Did your mom ever tell you when you were a lovesick teen that a guy who cheats once will always do it again? Personally, I’m not so sure. I’m no pushover, but I’m prepared to forgive a cheat—here’s why.
Everyone makes mistakes. I know, I know, this is exactly the kind of cliched crap cheaters say, but the fact is, it’s true. No honest human can say they’ve never made a mistake—some people just make bigger mistakes than others. Not every guy who cheats has made an innocent error, but for those who have and show genuine remorse, you’d have to be pretty heartless to not hear them out.
An affair is a wake-up call. No one wants to have to deal with an affair, but if a guy’s been cheating, there has to be some reason for it. Sure, in some cases he’s a total douche, and you have my blessing to kick him out of your life. In other cases, though, could there be some other problem? Maybe you’ve grown distant or you haven’t been there for each other, and cheating brings those issues to light. Sometimes an affair can be the wake-up call that sets your relationship back on track.
It can make you stronger. I’ve been in “perfect” relationships before, and the minute things start to go wrong, it’s scary as hell. Knowing that things aren’t always going to be plain sailing but that you can still get through them together makes you a far stronger couple than the one that’s never had a fight. If you come through a cheating scenario and out the other side, your relationship can only get more solid.
There’s more than one definition of cheat. Cheating can cover a whole multitude of sins, so it’s ridiculous to blanket everyone with the same attitude. I’d find it much harder to forgive a guy that had been sustaining a long-term affair with one of my close friends than the one who drunkenly kissed a stranger on a guys’ night out. People do stupid things, but as long as they’re not malicious with it, they deserve the benefit of the doubt.
I know when something isn’t right. People who forgive a cheat worry that the same thing will happen to them again. Sure, you run that risk, but no more than you do in any relationship. If it’s time to end a relationship, my gut will tell me. If not, I’m prepared to give it another chance. Sure, if it happens twice, the guy’s not worth your time, but he should be given the chance to change before he’s ditched.
Revenge hurts everyone.

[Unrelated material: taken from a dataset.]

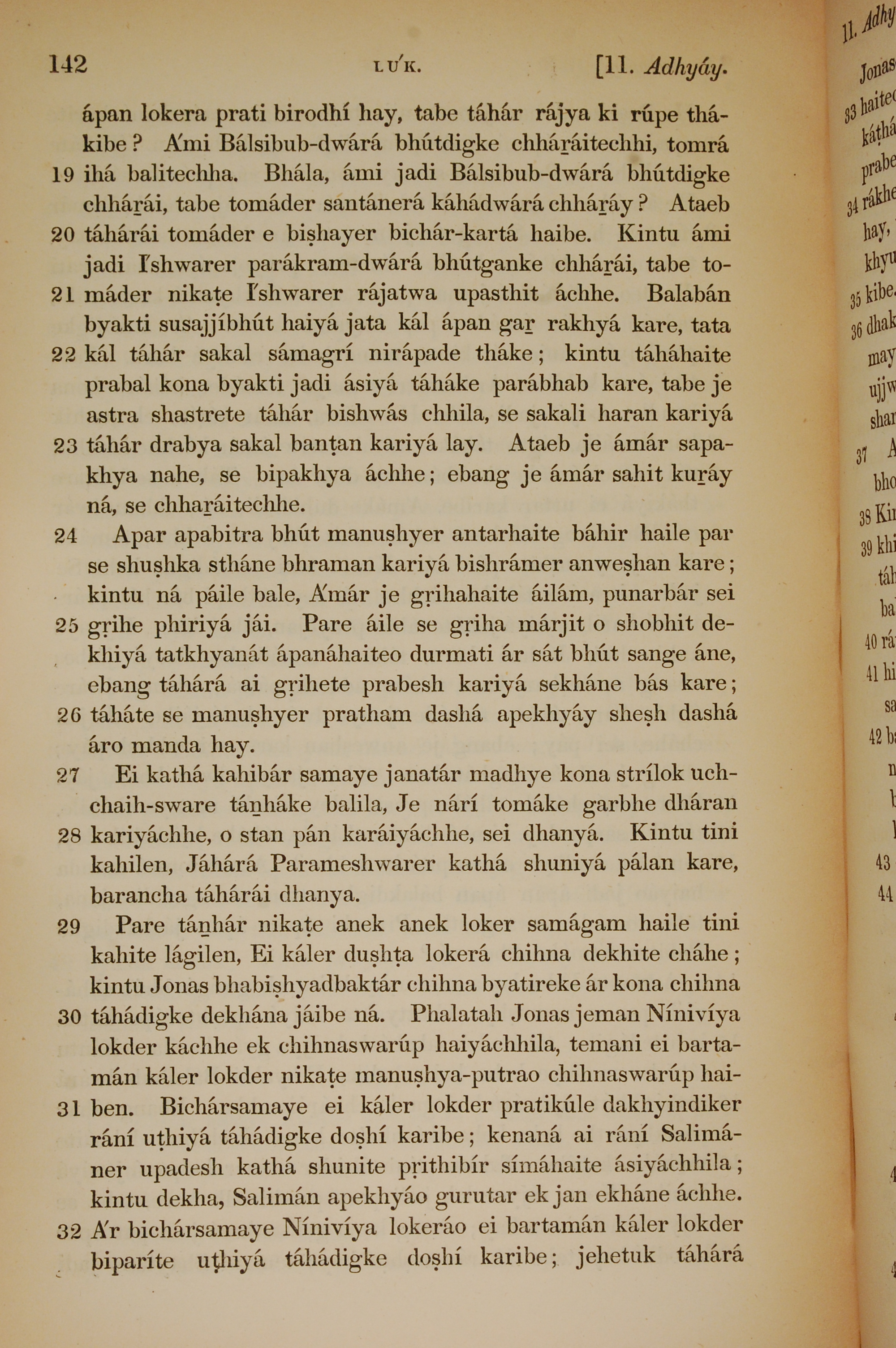 1839年孟加拉語新約全書 路加福音 11 章 19 節到 11 章 32 節

Who am I hurting if I cut a guy that’s cheated out of my life right away? Ultimately, I’m causing myself as much pain as I am him. Holding onto anger and wanting revenge keeps up a cycle of negativity that hurts everyone. Being able to forgive and move forward makes you the much bigger person.
Feelings don’t go away overnight. Just because my boyfriend made a stupid mistake, that doesn’t mean all my feelings for him have miraculously disappeared. I can’t automatically stop loving someone on demand, and it would be pretty crazy to even try. If I still care about someone, it’s natural to want to make a relationship work.
Life isn’t black and white. Relationships aren’t simple, which is why cheating ends up happening in the first place. If a guy cheats on me, I won’t truly know how I’ll react until it happens because there’s no one right thing to do that’s the same for every single person. One thing’s for sure: the decision will have to be made by me.
I won’t let myself be walked all over. If all this is making me sound like too much of a pushover, let me reassure you. I’m not about to let somebody walk all over me, and if a guy treats me badly, he’ll find himself single pretty quickly. Thing is, no one can be perfect 24/7, which is why I’m prepared to forgive if it just comes down to one silly mistake. I like to think that the guy I’m with would do the same for me too.
There’s more good to come from forgiving. The options you have when somebody cheats are to run for your life, or forgive and try and make it work. Who stands to gain from each scenario? In the first, I end up alone, bitter and resentful, and my BF is full of regret and shame. In the second, we might have a hard time rebuilding the trust between us, but once we do, we’ll have a stronger relationship than we did to start with. I know which of those sounds more worth fighting for.